**TASK ITEM**. Retype nothing except the lines below from the one with "첨부물을 확인하시기 바랍니다." through the one with "Ingredientes: Agentes de", exactly, with images left out.

**DATA SECTION**.

════════

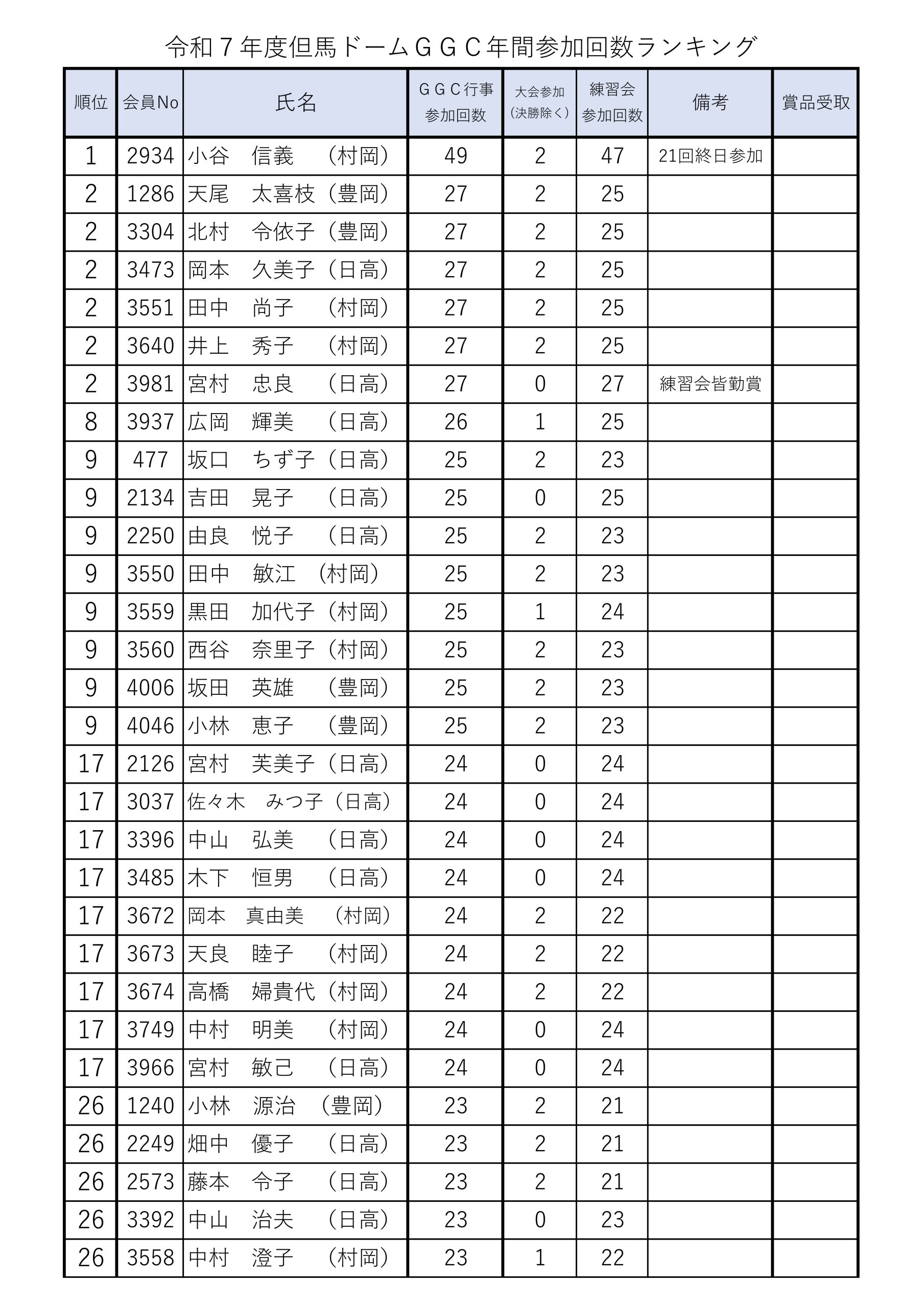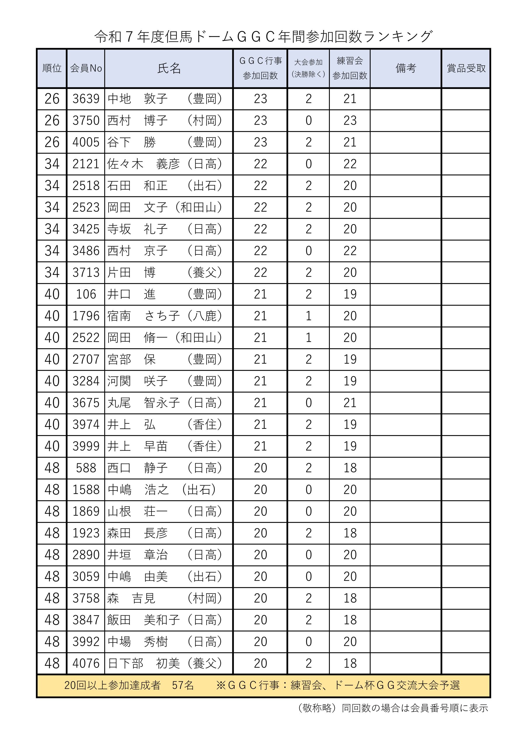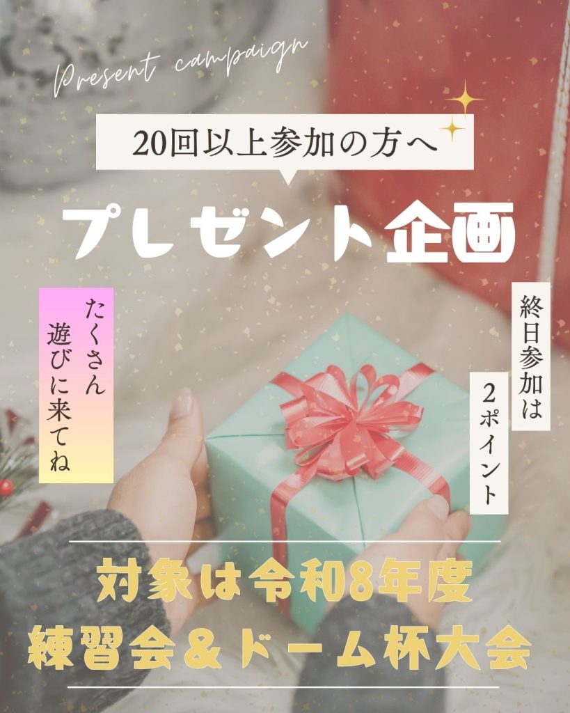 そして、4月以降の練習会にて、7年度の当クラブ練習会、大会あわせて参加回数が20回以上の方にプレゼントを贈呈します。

════════

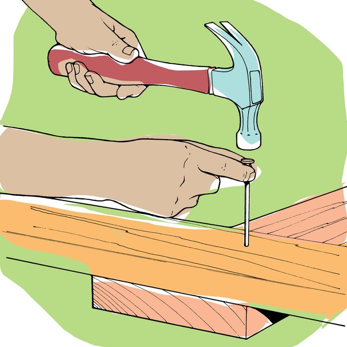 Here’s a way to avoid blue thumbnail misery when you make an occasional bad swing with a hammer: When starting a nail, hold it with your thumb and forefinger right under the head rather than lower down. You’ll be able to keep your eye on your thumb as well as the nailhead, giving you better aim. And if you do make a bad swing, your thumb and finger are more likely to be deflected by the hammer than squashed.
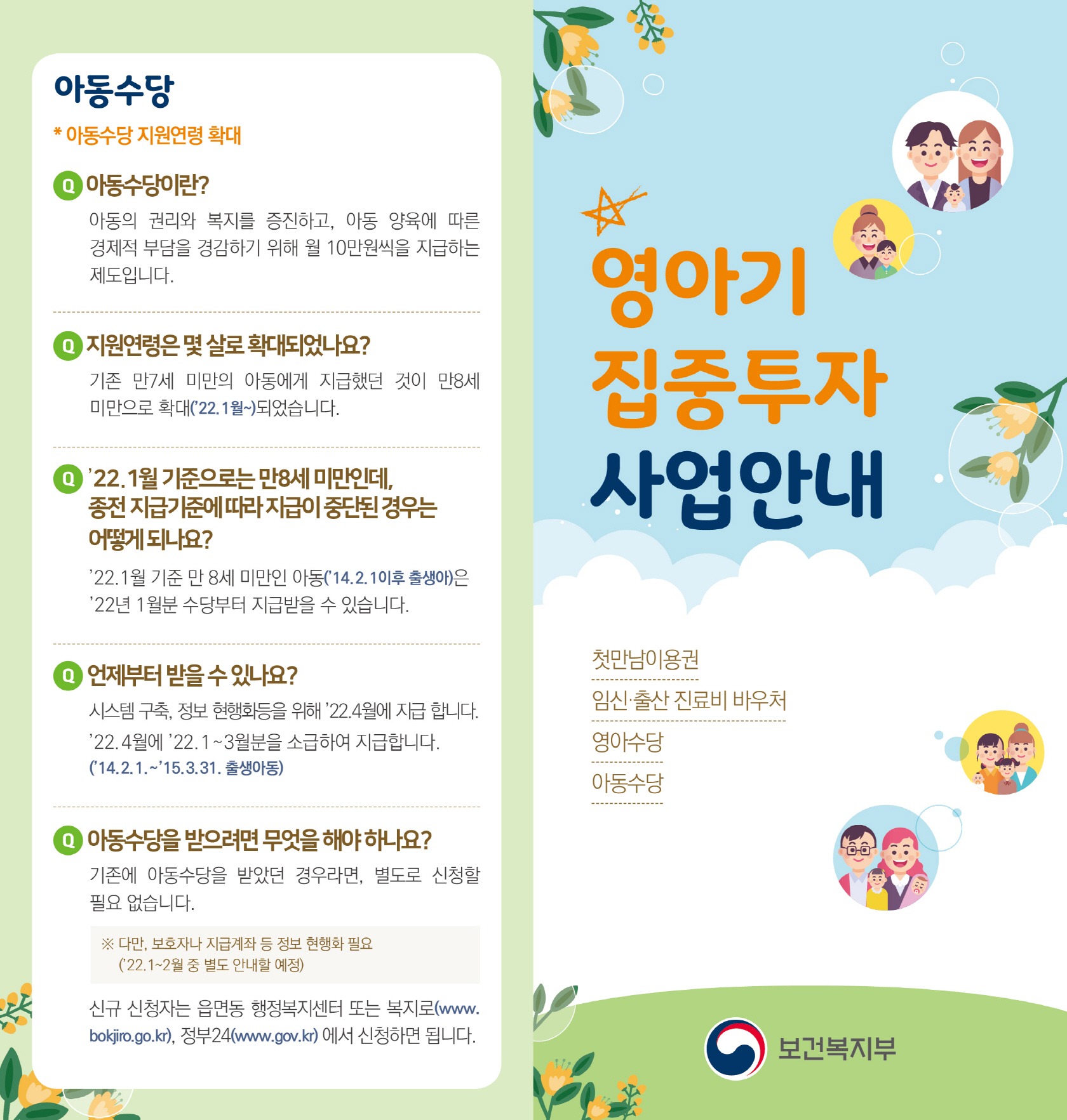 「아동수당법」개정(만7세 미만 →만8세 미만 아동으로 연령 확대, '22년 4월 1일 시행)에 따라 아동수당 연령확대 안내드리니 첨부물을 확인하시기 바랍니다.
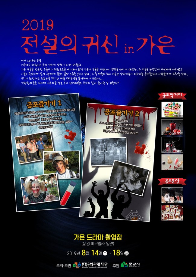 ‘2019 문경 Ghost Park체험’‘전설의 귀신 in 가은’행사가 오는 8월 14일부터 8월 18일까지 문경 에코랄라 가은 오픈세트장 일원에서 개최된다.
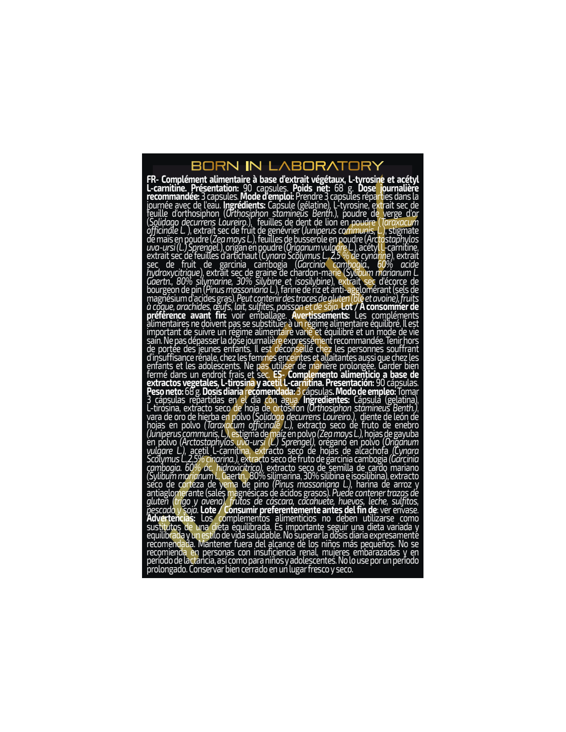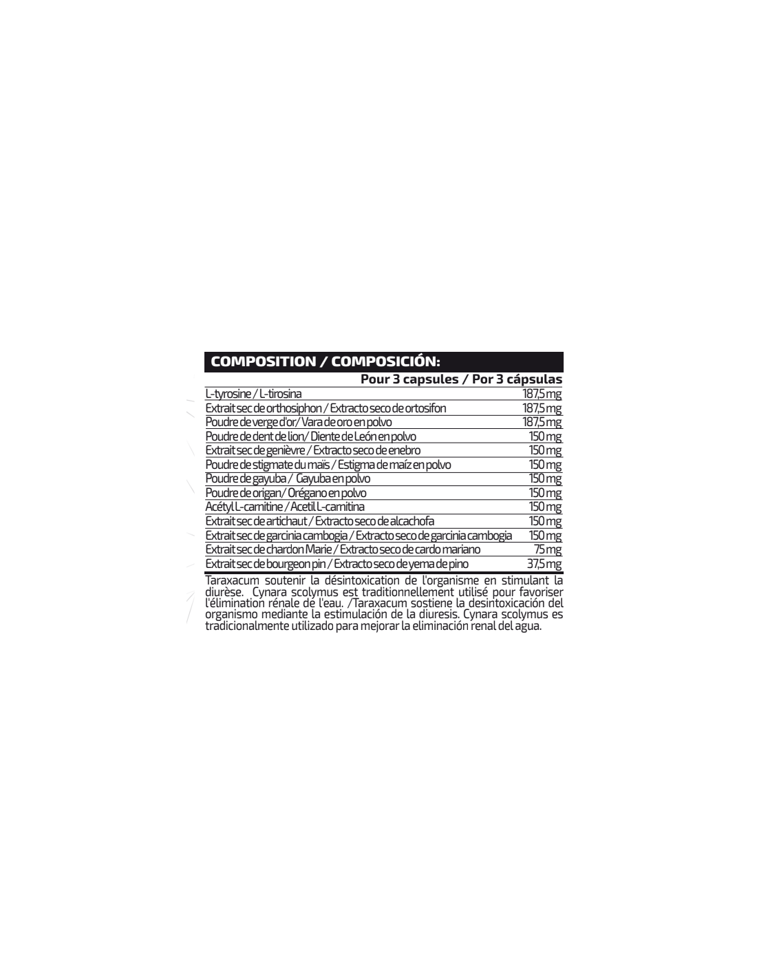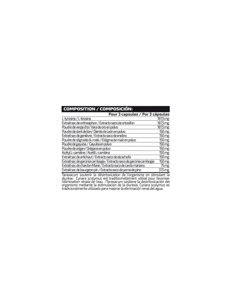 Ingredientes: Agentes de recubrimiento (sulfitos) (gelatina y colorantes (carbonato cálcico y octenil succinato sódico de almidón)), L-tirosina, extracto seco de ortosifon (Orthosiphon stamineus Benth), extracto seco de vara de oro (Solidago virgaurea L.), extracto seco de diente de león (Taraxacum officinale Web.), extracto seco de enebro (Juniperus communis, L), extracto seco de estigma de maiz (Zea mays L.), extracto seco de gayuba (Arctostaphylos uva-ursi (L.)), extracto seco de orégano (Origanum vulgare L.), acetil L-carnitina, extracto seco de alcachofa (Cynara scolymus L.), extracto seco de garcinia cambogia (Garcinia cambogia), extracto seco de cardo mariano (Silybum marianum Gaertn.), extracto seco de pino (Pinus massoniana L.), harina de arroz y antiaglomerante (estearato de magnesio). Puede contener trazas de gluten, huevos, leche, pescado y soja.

════════

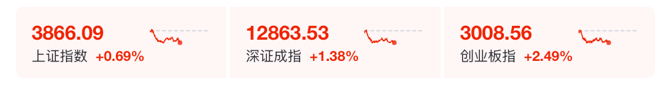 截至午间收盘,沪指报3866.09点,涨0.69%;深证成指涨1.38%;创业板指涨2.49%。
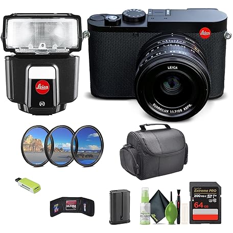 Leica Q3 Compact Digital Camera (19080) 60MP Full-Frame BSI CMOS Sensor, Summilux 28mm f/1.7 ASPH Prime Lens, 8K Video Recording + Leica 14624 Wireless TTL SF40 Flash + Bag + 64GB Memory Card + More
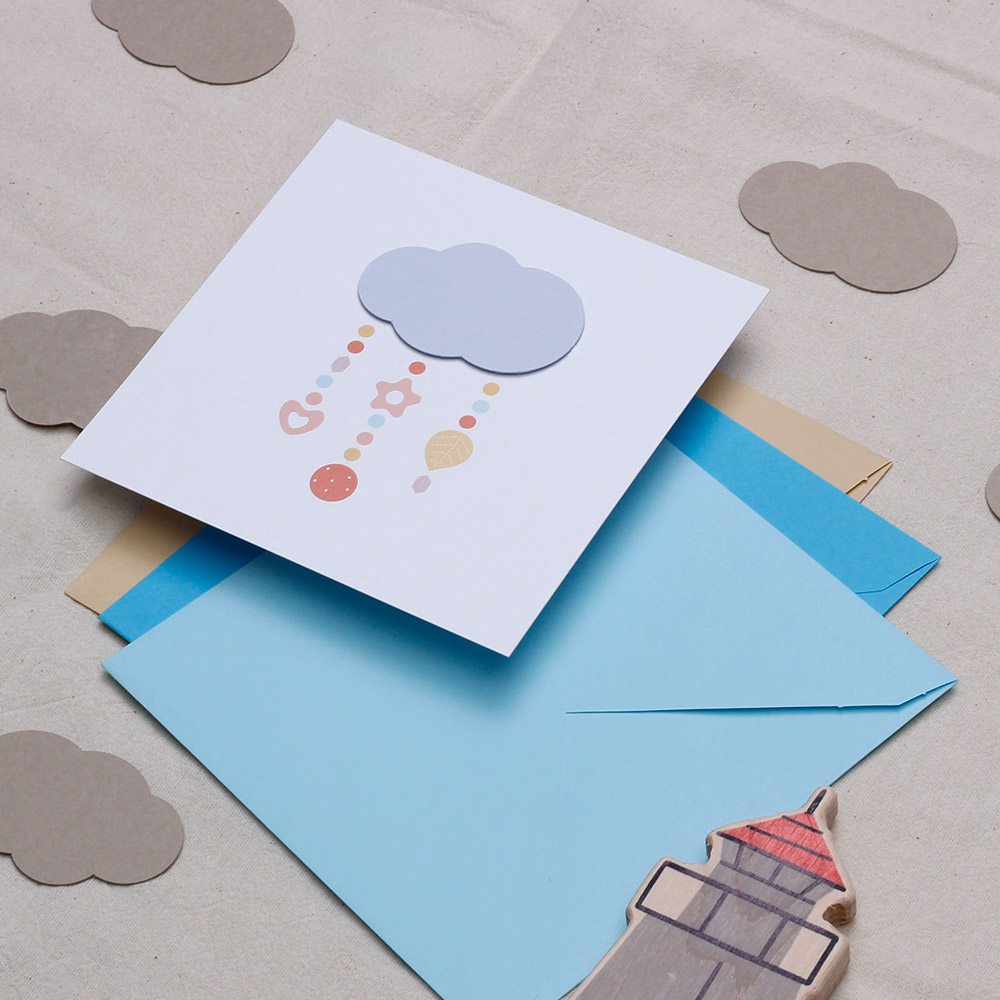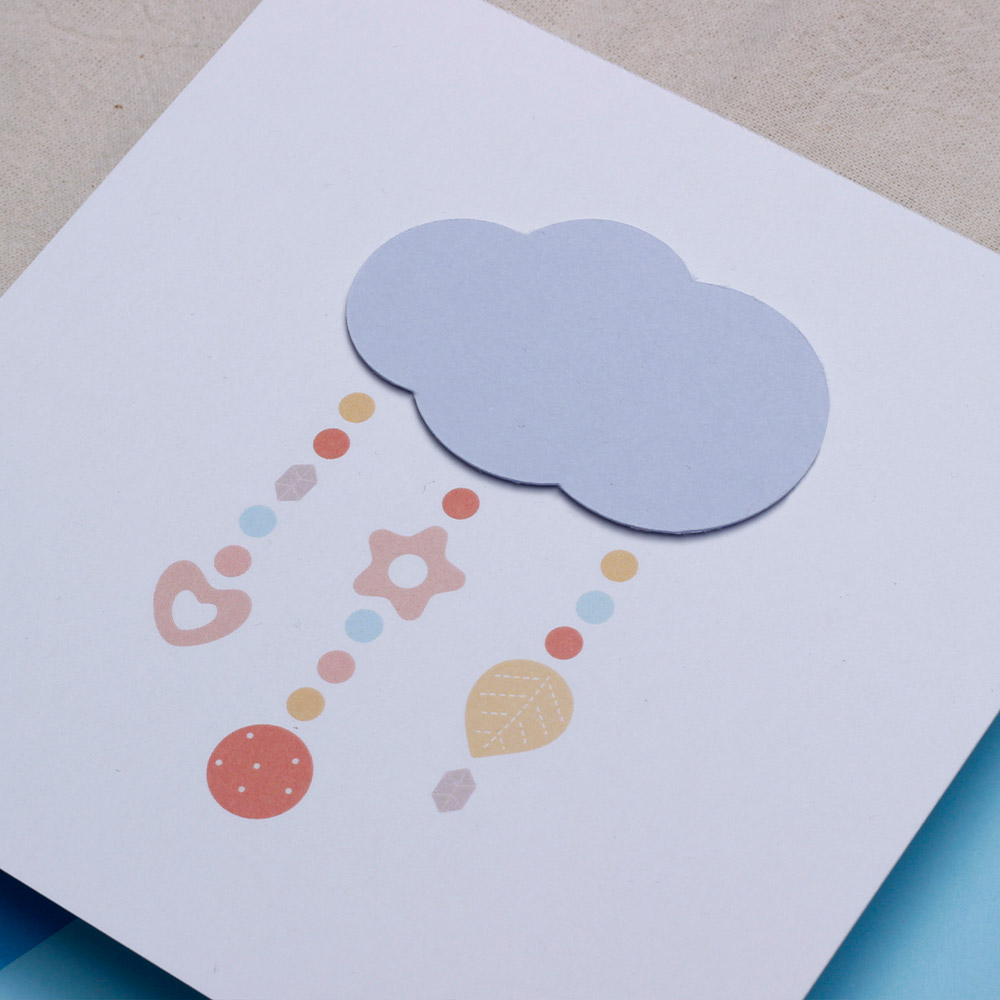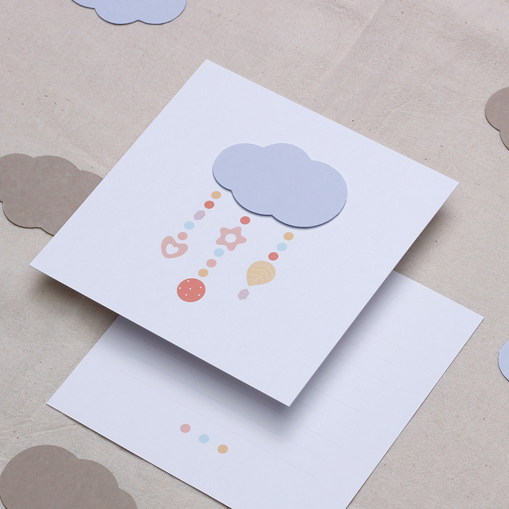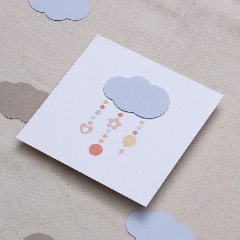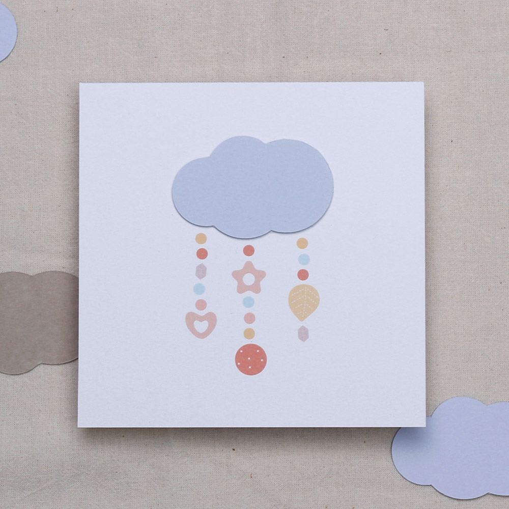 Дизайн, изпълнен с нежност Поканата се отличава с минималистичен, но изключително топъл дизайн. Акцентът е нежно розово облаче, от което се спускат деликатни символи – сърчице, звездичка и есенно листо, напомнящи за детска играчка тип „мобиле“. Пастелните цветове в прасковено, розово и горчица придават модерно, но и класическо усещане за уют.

════════

**ANSWER**.
 「아동수당법」개정(만7세 미만 →만8세 미만 아동으로 연령 확대, '22년 4월 1일 시행)에 따라 아동수당 연령확대 안내드리니 첨부물을 확인하시기 바랍니다.
 ‘2019 문경 Ghost Park체험’‘전설의 귀신 in 가은’행사가 오는 8월 14일부터 8월 18일까지 문경 에코랄라 가은 오픈세트장 일원에서 개최된다.
 Ingredientes: Agentes de recubrimiento (sulfitos) (gelatina y colorantes (carbonato cálcico y octenil succinato sódico de almidón)), L-tirosina, extracto seco de ortosifon (Orthosiphon stamineus Benth), extracto seco de vara de oro (Solidago virgaurea L.), extracto seco de diente de león (Taraxacum officinale Web.), extracto seco de enebro (Juniperus communis, L), extracto seco de estigma de maiz (Zea mays L.), extracto seco de gayuba (Arctostaphylos uva-ursi (L.)), extracto seco de orégano (Origanum vulgare L.), acetil L-carnitina, extracto seco de alcachofa (Cynara scolymus L.), extracto seco de garcinia cambogia (Garcinia cambogia), extracto seco de cardo mariano (Silybum marianum Gaertn.), extracto seco de pino (Pinus massoniana L.), harina de arroz y antiaglomerante (estearato de magnesio). Puede contener trazas de gluten, huevos, leche, pescado y soja.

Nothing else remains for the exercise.